En janvier 2021, un dessin de Xavier Gorce sur l'inceste avait choqué de nombreux internautes. Le Monde avait qualifié "d'erreur" la publication de ce dessin. Gorce avait alors démissionné et déclaré que "la liberté ne se négociait pas".

Patrick Chappatte n'échappe pas non plus aux polémiques. En avril, un de ses dessins réalisés pour Der Spiegel, illustrant le pas démographique pris par l'Inde sur la Chine, avait été vivement critiqué par le gouvernement indien. 

Une situation tendue

Interviewé jeudi dans le 19h30 de la RTS, Chappatte assure n'avoir jamais vécu de situation aussi tendue: "C'est un métier pénible, surtout en ce moment." Et d'ajouter que pour le même dessin, il peut se faire traiter d'antisémite ou de sioniste.

Le dessinateur a aussi été confronté à la censure par l'un des titres germanophones avec lesquels il travaille. Son dessin a été remplacé au dernier moment... par la photo du concours de la plus grosse citrouille, confie-t-il. "Les journaux se mettent une grosse pression", déplore-t-il, mettant en garde contre l'autocensure de certains médias.

Mais le rôle du dessin de presse est d'autant plus important dans cette situation de crise, selon lui: "On a été tétanisés par la violence de part et d'autre, mais cela ne doit pas suspendre le jugement critique. Il faut avoir de l'empathie, regarder le monde avec les deux yeux et c'est ça le rôle du dessin de presse."

>> Voir le sujet du 19h30 :

L’association "Dessins pour la paix" dénonce une situation toujours plus difficile pour les dessinateurs de presse
L’association "Dessins pour la paix" dénonce une situation toujours plus difficile pour les dessinateurs de presse / 19h30 / 1 min. / le 23 novembre 2023

Un avenir fait d'intelligence artificielle?

Quel avenir alors pour le dessin de presse?

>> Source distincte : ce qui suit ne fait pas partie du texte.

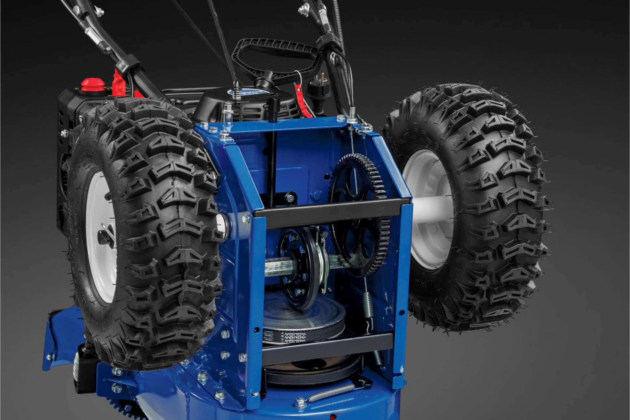 Данная модель самоходного снегоочистителя оснащена пневмоколесами. Они позволяют машине производить минимальную пробуксовку и оснащают ее хорошим сцеплением с любой поверхностью - наклон или даже ледяная корочка.
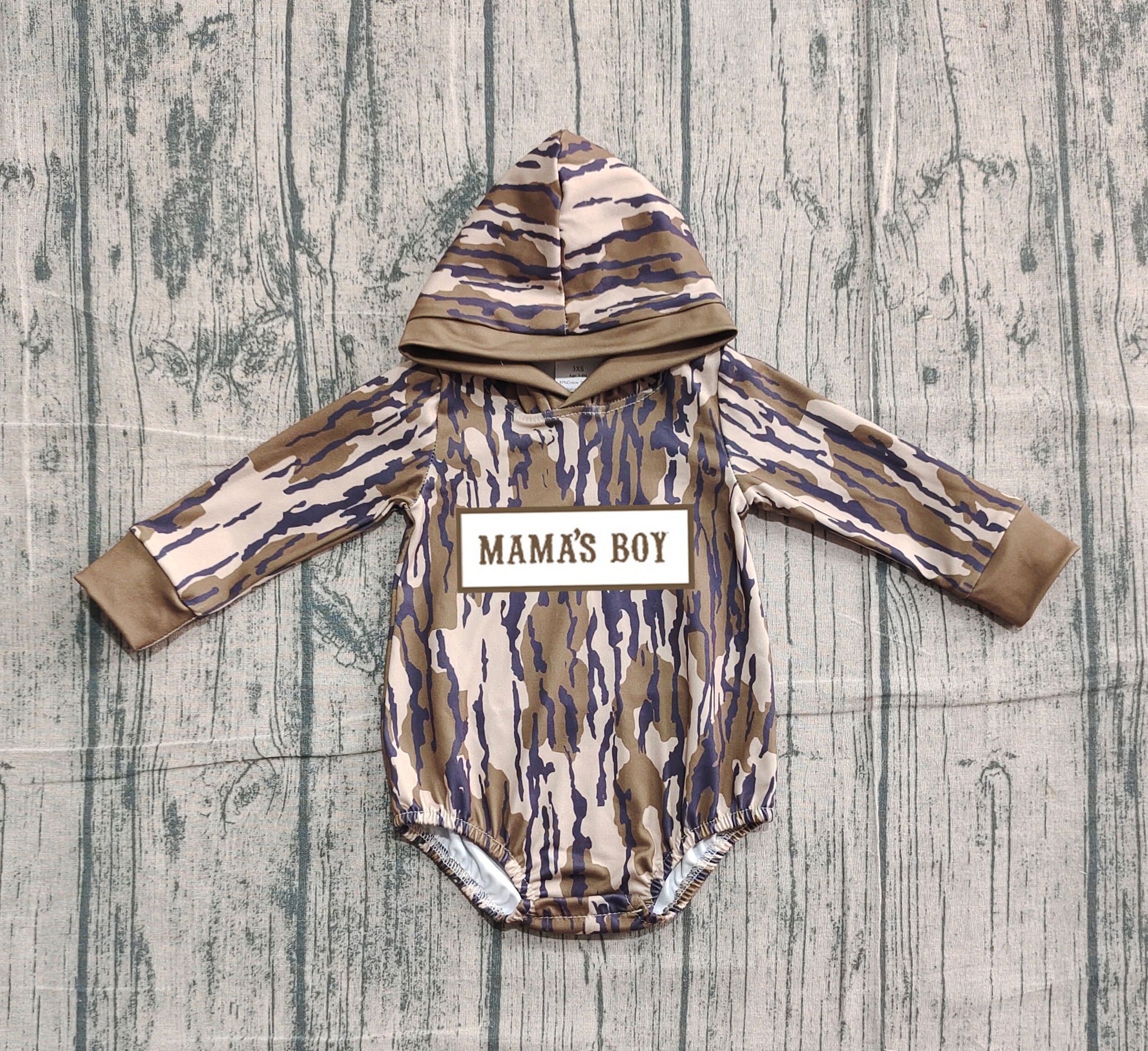 (Pre-order)LR2793 MAMA'S BOY Camo Print Baby Boys Hoodie Romper

En 2019, le New York Times cessait de publier des dessins politiques, une décision que le dessinateur préfère tourner en dérision.

"Peut-être que le New York Times était visionnaire, ironise-t-il. Ils ont pris l'option la plus simple, ils se sont dit: 'Sans dessin de presse on n'aura moins d'ennuis.' Si c'est le monde qu'on veut, alors peut-être qu'on aura des informations faites par l'intelligence artificielle, présentées par un présentateur artificiel et on aura un humour sain et de bon goût qui sera concocté par ChappatteGPT."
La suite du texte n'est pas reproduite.